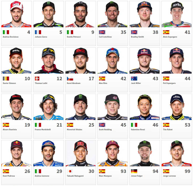 Οι οδηγοί από την Ισπανία είναι οι περισσότεροι με εννέα οδηγούς, τους Márquez, Lorenzo, Pedrosa, Viñales, Pol Espargaró, Aleix Espargaró, Bautista, Rins, και Rabat, ενώ ακλουθούν οι Ιταλοί με πέντε οδηγούς, τους Rossi, Dovizioso, Petrucci, Iannone, και Morbidelli, των οποίων η μέση ηλικία έχει μειωθεί φέτος με τον ερχομό του Franco Morbidelli. Οι Βρετανοί βρίσκονται στην τρίτη θέση με τρεις οδηγούς, τους Crutchlow , Redding και Smith. Οι υπόλοιποι επτά οδηγοί είναι από επτά διαφορετικές χώρες, όπως το Βέλγιο με τον Simeon, Ελβετία με τον Lüthi, Ιαπωνία με τον Nakagami, Γαλλία με τον Zarco, Αυστραλία με τον Miller, Γερμανία με τον Folger και Τσεχία με τον Abraham .
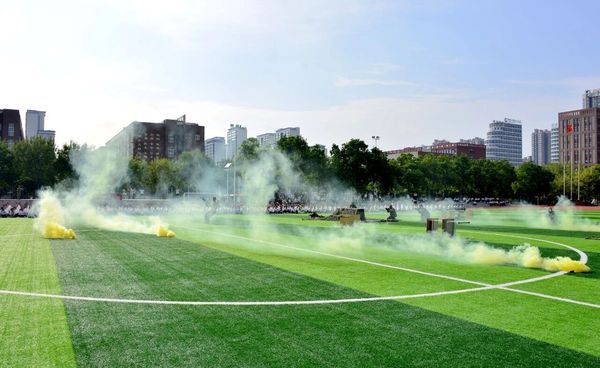 伴随着庄严的升国旗、奏国歌仪式,军训会操正式拉开帷幕。
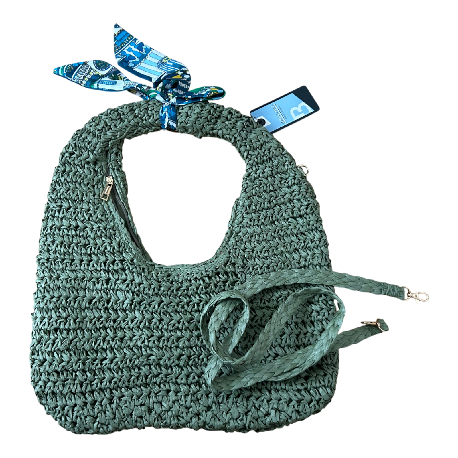 Diese stilvolle Strohtasche im angesagten Hobo-Style überzeugt durch ihr sommerlich-natürliches Design und liebevolle Details wie das dekorative Tuch in Blautönen. Die Tasche besteht aus geflochtenem Bast, hat ein Hauptfach mit Reißverschluss sowie einen abnehmbaren Schulterriemen für vielseitige Trageoptionen.
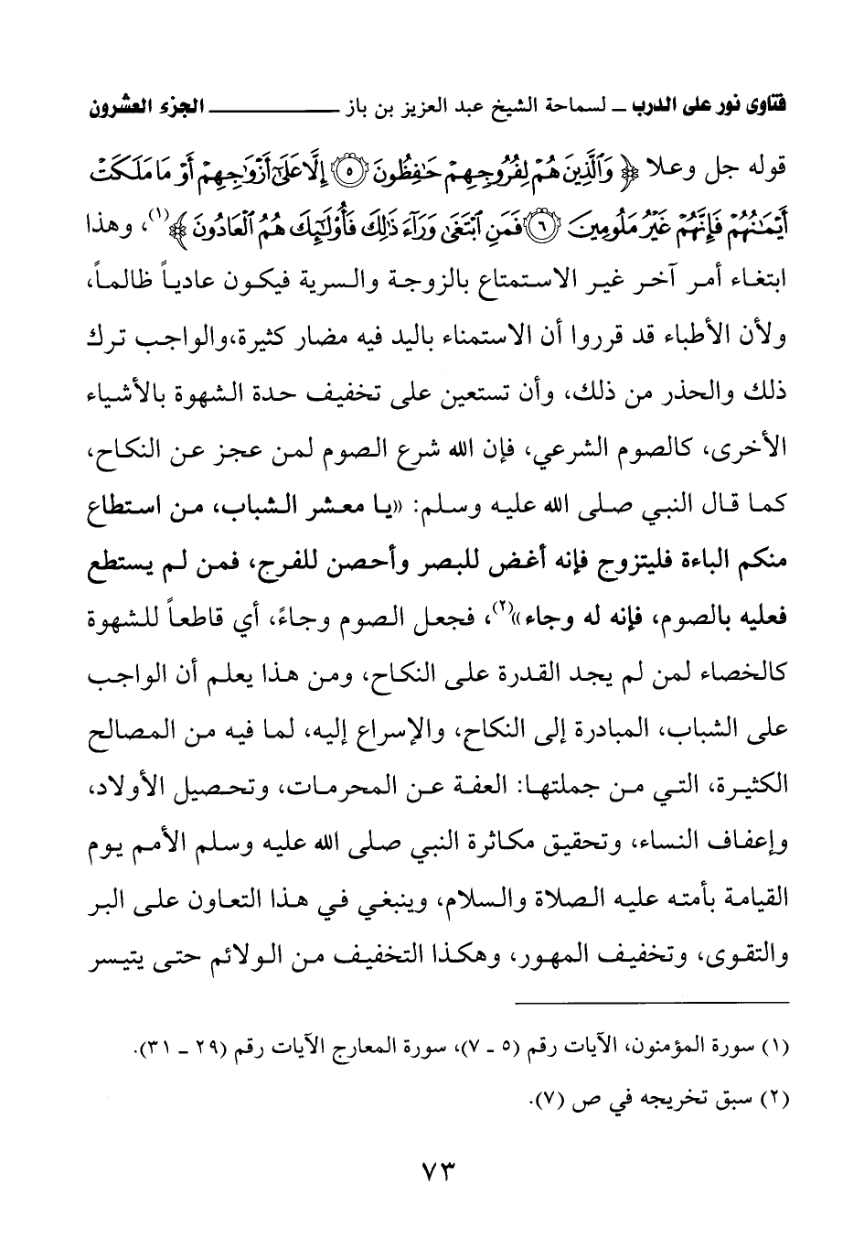 قوله جل وعلا: {وَالَّذِينَ هُمْ لِفُرُوجِهِمْ حَافِظُونَ (5) إِلا عَلَى أَزْوَاجِهِمْ أوْ مَا مَلَكَتْ أَيْمَانُهُمْ فَإِنَّهُمْ غَيْرُ مَلُومِينَ (6) فَمَنِ ابْتَغَى وَرَاءَ ذَلِكَ فَأُولَئِكَ هُمُ الْعَادُونَ}، وهذا ابتغاء أمر آخر غير الاستمتاع بالزوجة والسرية فيكون عاديًا ظالمًا، ولأن الأطباء قد قرروا أن الاستمناء باليد فيه مضار كثيرة، والواجب ترك ذلك والحذر من ذلك، وأن تستعين على تخفيف حدة الشهوة بالأشياء الأخرى، كالصوم الشرعي، فإن الله شرع الصوم لمن عجز عن النكاح، كما قال النبي صلى الله عليه وسلم: «يا معشر الشباب، من استطاع منكم الباءة فليتزوج فإنه أغض للبصر وأحصن للفرج، فمن لم يستطع فعليه بالصوم، فإنه له وجاء» (¬1) فجعل الصوم وجاءً، أي قاطعًا للشهوة كالخصاء لمن لم يجد القدرة على النكاح، ومن هذا يُعلم أن الواجب على الشباب المبادرة إلى النكاح والإسراع إليه، لما فيه من المصالح الكثيرة، التي من جملتها: العفة عن المحرمات، وتحصيل الأولاد، وإعفاف النساء، وتحقيق مكاثرة النبي صلى الله عليه وسلم الأمم يوم القيامة بأمته عليه الصلاة والسلام، وينبغي في هذا التعاون على البر والتقوى، وتخفيف المهور، وهكذا التخفيف من الولائم حتى يتيسر

### Task description
The material above should be repeated word for word, with every picture omitted.

### Answer box
 Οι οδηγοί από την Ισπανία είναι οι περισσότεροι με εννέα οδηγούς, τους Márquez, Lorenzo, Pedrosa, Viñales, Pol Espargaró, Aleix Espargaró, Bautista, Rins, και Rabat, ενώ ακλουθούν οι Ιταλοί με πέντε οδηγούς, τους Rossi, Dovizioso, Petrucci, Iannone, και Morbidelli, των οποίων η μέση ηλικία έχει μειωθεί φέτος με τον ερχομό του Franco Morbidelli. Οι Βρετανοί βρίσκονται στην τρίτη θέση με τρεις οδηγούς, τους Crutchlow , Redding και Smith. Οι υπόλοιποι επτά οδηγοί είναι από επτά διαφορετικές χώρες, όπως το Βέλγιο με τον Simeon, Ελβετία με τον Lüthi, Ιαπωνία με τον Nakagami, Γαλλία με τον Zarco, Αυστραλία με τον Miller, Γερμανία με τον Folger και Τσεχία με τον Abraham .
 伴随着庄严的升国旗、奏国歌仪式,军训会操正式拉开帷幕。
 Diese stilvolle Strohtasche im angesagten Hobo-Style überzeugt durch ihr sommerlich-natürliches Design und liebevolle Details wie das dekorative Tuch in Blautönen. Die Tasche besteht aus geflochtenem Bast, hat ein Hauptfach mit Reißverschluss sowie einen abnehmbaren Schulterriemen für vielseitige Trageoptionen.
 قوله جل وعلا: {وَالَّذِينَ هُمْ لِفُرُوجِهِمْ حَافِظُونَ (5) إِلا عَلَى أَزْوَاجِهِمْ أوْ مَا مَلَكَتْ أَيْمَانُهُمْ فَإِنَّهُمْ غَيْرُ مَلُومِينَ (6) فَمَنِ ابْتَغَى وَرَاءَ ذَلِكَ فَأُولَئِكَ هُمُ الْعَادُونَ}، وهذا ابتغاء أمر آخر غير الاستمتاع بالزوجة والسرية فيكون عاديًا ظالمًا، ولأن الأطباء قد قرروا أن الاستمناء باليد فيه مضار كثيرة، والواجب ترك ذلك والحذر من ذلك، وأن تستعين على تخفيف حدة الشهوة بالأشياء الأخرى، كالصوم الشرعي، فإن الله شرع الصوم لمن عجز عن النكاح، كما قال النبي صلى الله عليه وسلم: «يا معشر الشباب، من استطاع منكم الباءة فليتزوج فإنه أغض للبصر وأحصن للفرج، فمن لم يستطع فعليه بالصوم، فإنه له وجاء» (¬1) فجعل الصوم وجاءً، أي قاطعًا للشهوة كالخصاء لمن لم يجد القدرة على النكاح، ومن هذا يُعلم أن الواجب على الشباب المبادرة إلى النكاح والإسراع إليه، لما فيه من المصالح الكثيرة، التي من جملتها: العفة عن المحرمات، وتحصيل الأولاد، وإعفاف النساء، وتحقيق مكاثرة النبي صلى الله عليه وسلم الأمم يوم القيامة بأمته عليه الصلاة والسلام، وينبغي في هذا التعاون على البر والتقوى، وتخفيف المهور، وهكذا التخفيف من الولائم حتى يتيسر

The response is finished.